Board of Directors of Howmet Aerospace Audit Compensation and Benefits Cybersecurity Finance Governance and Nominating
James F. Albaugh (1) Chair
Amy E. Alving
Sharon R. Barner Chair
Joseph S. Cantie Chair
Robert F. Leduc
David J. Miller
Jody G. Miller Chair
John C. Plant (2)
Ulrich R. Schmidt Chair
Gunner Smith
(1) Lead Director
(2) Executive Chairman

Audit Committee

  • Oversees the integrity of the Company’s financial statements and internal controls, including review of the scope and the results of the audits performed by the internal and independent auditors
  • Appoints the independent auditors and evaluates their independence and performance
  • Reviews the organization, performance and adequacy of the internal audit function
  • Pre-approves all audit, audit-related, tax and other services to be provided by the independent auditors
  • Oversees the Company’s compliance with legal and regulatory requirements
  • Discusses with management and the auditors the Company’s policies with respect to risk assessment and risk management, including major financial risk exposures
  • Discusses with management the status of information technology systems and information technology risks

The responsibilities of the Audit Committee are further described in the committee charter, which was adopted by the Board.

Compensation and Benefits Committee

  • Recommends the Chief Executive Officer’s compensation for approval by the independent directors of the Board, based upon an evaluation of performance in light of approved goals and objectives
  • Reviews and approves the compensation of the Company’s officers
  • Oversees the implementation and administration of the Company’s compensation and benefit plans, including pension, savings, incentive compensation and equity-based plans
  • Reviews and approves general compensation and benefit policies
  • Approves the Compensation Discussion and Analysis for inclusion in the proxy statement
  • Has the sole authority to retain and terminate a compensation consultant, as well as to approve the consultant’s fees and other terms of engagement
  • Has the authority to obtain advice and assistance from legal or other advisors

Executive officers do not determine the amount or form of executive or non-employee director compensation although the Chief Executive Officer provides recommendations to the Compensation and Benefits Committee regarding compensation changes and incentive compensation for executive officers other than himself.

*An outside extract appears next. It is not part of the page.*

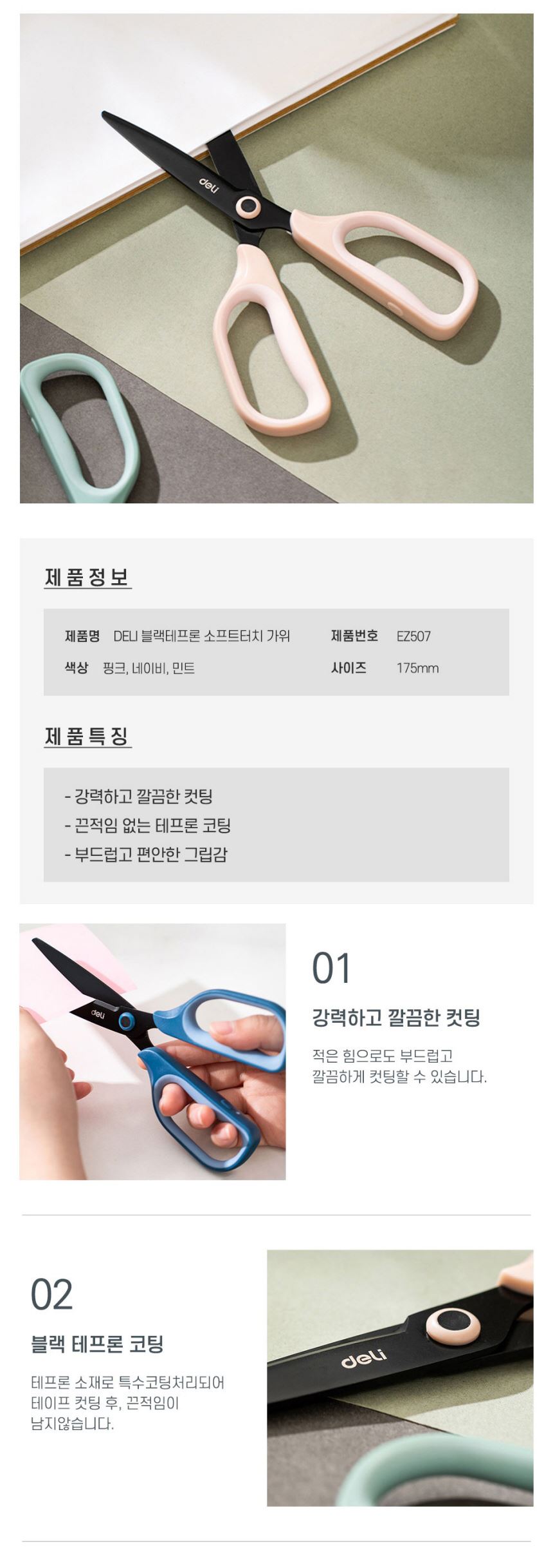 델리 사무용 학용 블랙 테프론 소프트터치 가위 랜덤색상 / 설래임 / 디비디비 / 구매하기 / 특가할인

The responsibilities of the Compensation and Benefits Committee are further described in the committee charter, which was adopted by the Board.

Cybersecurity Committee

  • Reviews the state of the Company’s cybersecurity, including review of the threat landscape facing the Company; the Company’s strategy, policies and procedures to mitigate cybersecurity risks, such as initiatives for identification, protection, detection, response and recovery; any significant cybersecurity incidents; and consideration of the impact of emerging cybersecurity developments that may affect the Company

The responsibilities of the Cybersecurity Committee are further described in the committee charter, which was adopted by the Board.

Finance Committee

Reviews and provides advice and counsel to the Board regarding the Company’s capital structure; financing transactions; capital expenditures and capital plan; acquisitions and divestitures; share repurchase and dividend programs; policies relating to interest rate, commodity and currency hedging; and pension plan performance and funding.

The responsibilities of the Finance Committee are further described in the committee charter, which was adopted by the Board.

Governance and Nominating Committee

  • Develops and recommends to the Board criteria, objectives and procedures for the selection of individuals to be considered as candidates for election to the Board.
  • Identifies individuals qualified to become Board members and recommends them to the full Board for consideration, including evaluating all potential candidates, whether initially recommended by management, other Board members or shareholders
  • Reviews and makes recommendations to the Board regarding the appropriate structure and operations of the Board and Board committees
  • Makes recommendations to the Board regarding Board committee assignments
  • Develops and annually reviews corporate governance guidelines of the Company, and oversees other corporate governance matters
  • Reviews related person transactions
  • Oversees an annual performance review of the Board, Board committees and individual directors
  • Periodically reviews and makes recommendations to the Board regarding non-employee director compensation

The responsibilities of the Governance and Nominating Committee are further described in the committee charter, which was adopted by the Board.